ACTIVITY: The lines to return run from the one containing "Step 1. Creation" through the end of the material; give them exactly and leave out the pictures.
---------- RECORDS SUPPLIED ----------
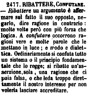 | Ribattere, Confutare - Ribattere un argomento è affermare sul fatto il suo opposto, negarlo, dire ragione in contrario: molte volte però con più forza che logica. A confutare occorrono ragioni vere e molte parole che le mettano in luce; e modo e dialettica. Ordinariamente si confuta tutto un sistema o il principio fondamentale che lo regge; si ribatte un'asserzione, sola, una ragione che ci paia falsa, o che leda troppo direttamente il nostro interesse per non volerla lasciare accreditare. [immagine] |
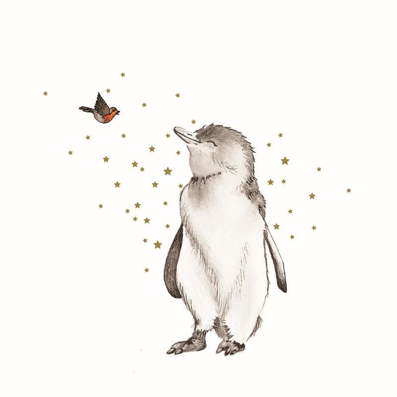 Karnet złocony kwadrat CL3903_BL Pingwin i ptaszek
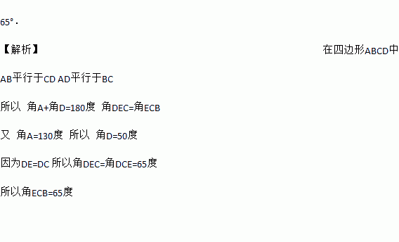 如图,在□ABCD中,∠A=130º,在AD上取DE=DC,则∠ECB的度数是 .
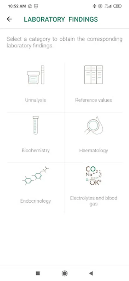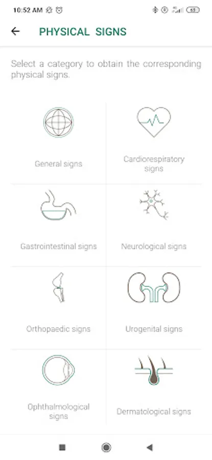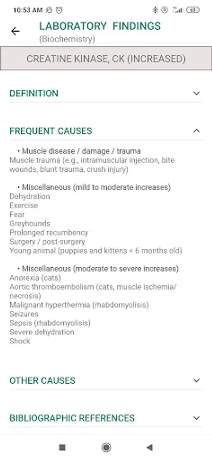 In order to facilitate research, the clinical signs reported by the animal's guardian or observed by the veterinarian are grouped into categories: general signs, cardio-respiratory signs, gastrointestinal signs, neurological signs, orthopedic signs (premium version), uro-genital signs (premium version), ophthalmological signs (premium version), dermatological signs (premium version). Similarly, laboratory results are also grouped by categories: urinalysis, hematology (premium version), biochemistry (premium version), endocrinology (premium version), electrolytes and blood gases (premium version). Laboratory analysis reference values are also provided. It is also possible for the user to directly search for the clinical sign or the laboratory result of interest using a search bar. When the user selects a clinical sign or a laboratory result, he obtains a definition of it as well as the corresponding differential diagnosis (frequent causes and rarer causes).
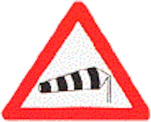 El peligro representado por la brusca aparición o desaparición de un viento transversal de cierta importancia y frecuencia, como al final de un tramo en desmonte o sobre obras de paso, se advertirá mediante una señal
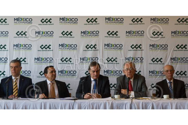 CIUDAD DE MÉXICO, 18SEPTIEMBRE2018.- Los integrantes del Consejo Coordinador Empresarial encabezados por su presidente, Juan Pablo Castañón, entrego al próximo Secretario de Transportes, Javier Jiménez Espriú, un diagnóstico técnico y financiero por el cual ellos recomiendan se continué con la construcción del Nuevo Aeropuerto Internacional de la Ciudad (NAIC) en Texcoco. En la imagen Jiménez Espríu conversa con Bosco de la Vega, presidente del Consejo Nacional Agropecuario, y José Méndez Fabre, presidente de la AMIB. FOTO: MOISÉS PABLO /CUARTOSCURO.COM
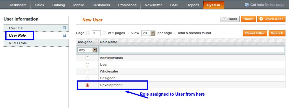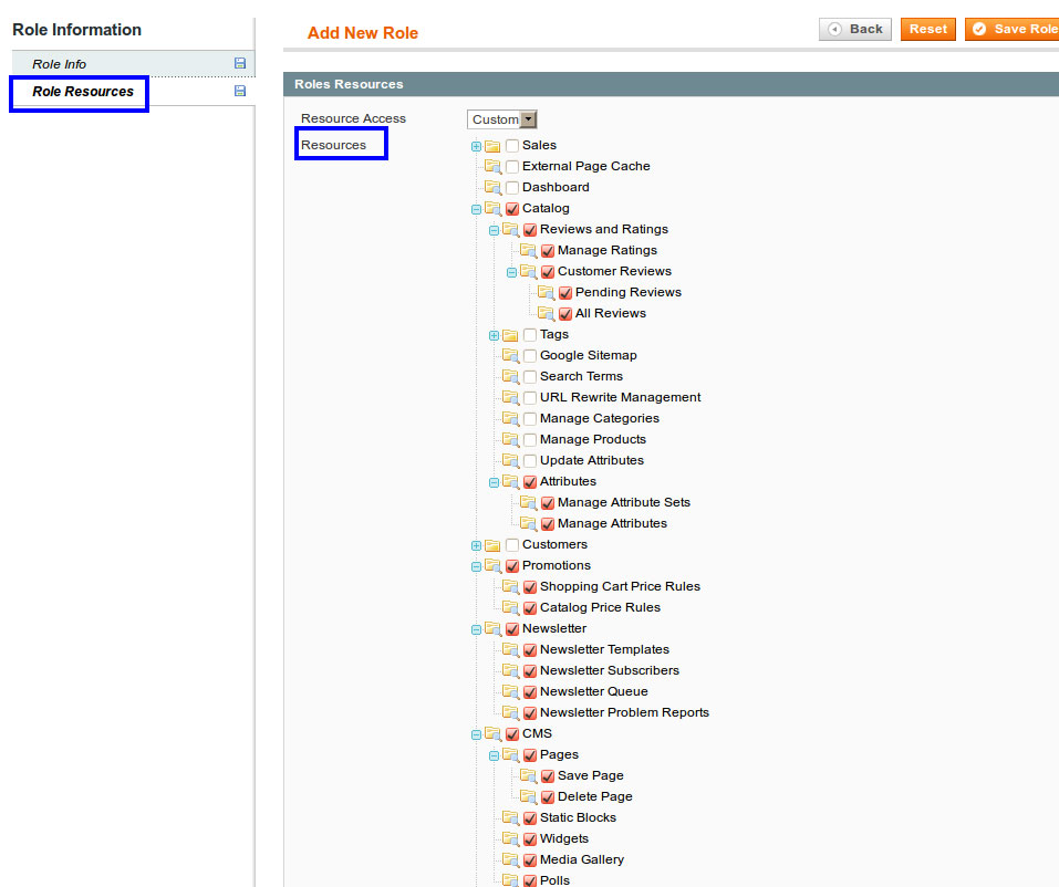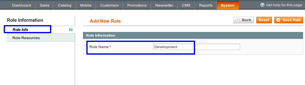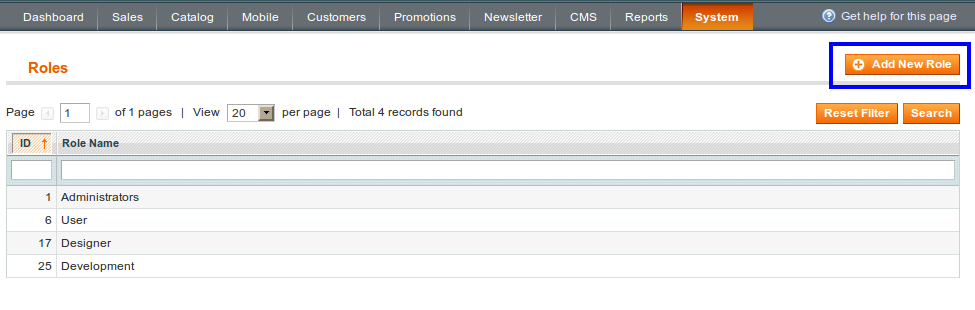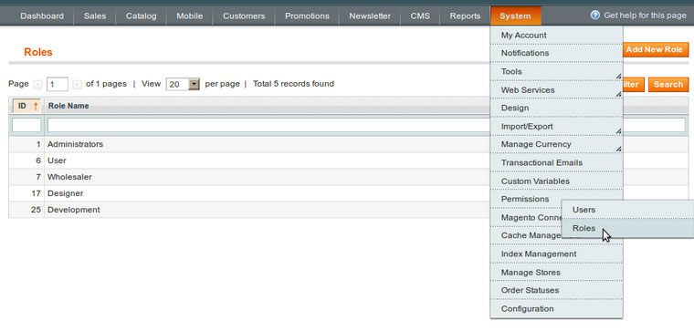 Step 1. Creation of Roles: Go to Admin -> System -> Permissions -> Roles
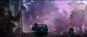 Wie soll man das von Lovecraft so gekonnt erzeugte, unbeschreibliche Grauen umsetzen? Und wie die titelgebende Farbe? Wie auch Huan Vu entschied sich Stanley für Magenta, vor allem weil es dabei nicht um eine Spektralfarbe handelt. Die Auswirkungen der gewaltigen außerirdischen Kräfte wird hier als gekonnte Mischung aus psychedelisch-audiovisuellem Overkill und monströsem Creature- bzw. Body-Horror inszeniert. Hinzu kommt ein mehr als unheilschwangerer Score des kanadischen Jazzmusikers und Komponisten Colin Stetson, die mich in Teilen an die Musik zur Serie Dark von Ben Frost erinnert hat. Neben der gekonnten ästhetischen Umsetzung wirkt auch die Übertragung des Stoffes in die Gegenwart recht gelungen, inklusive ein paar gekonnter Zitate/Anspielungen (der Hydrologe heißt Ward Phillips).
----------
EXERCISE ANSWER:
 Step 1. Creation of Roles: Go to Admin -> System -> Permissions -> Roles
 Wie soll man das von Lovecraft so gekonnt erzeugte, unbeschreibliche Grauen umsetzen? Und wie die titelgebende Farbe? Wie auch Huan Vu entschied sich Stanley für Magenta, vor allem weil es dabei nicht um eine Spektralfarbe handelt. Die Auswirkungen der gewaltigen außerirdischen Kräfte wird hier als gekonnte Mischung aus psychedelisch-audiovisuellem Overkill und monströsem Creature- bzw. Body-Horror inszeniert. Hinzu kommt ein mehr als unheilschwangerer Score des kanadischen Jazzmusikers und Komponisten Colin Stetson, die mich in Teilen an die Musik zur Serie Dark von Ben Frost erinnert hat. Neben der gekonnten ästhetischen Umsetzung wirkt auch die Übertragung des Stoffes in die Gegenwart recht gelungen, inklusive ein paar gekonnter Zitate/Anspielungen (der Hydrologe heißt Ward Phillips).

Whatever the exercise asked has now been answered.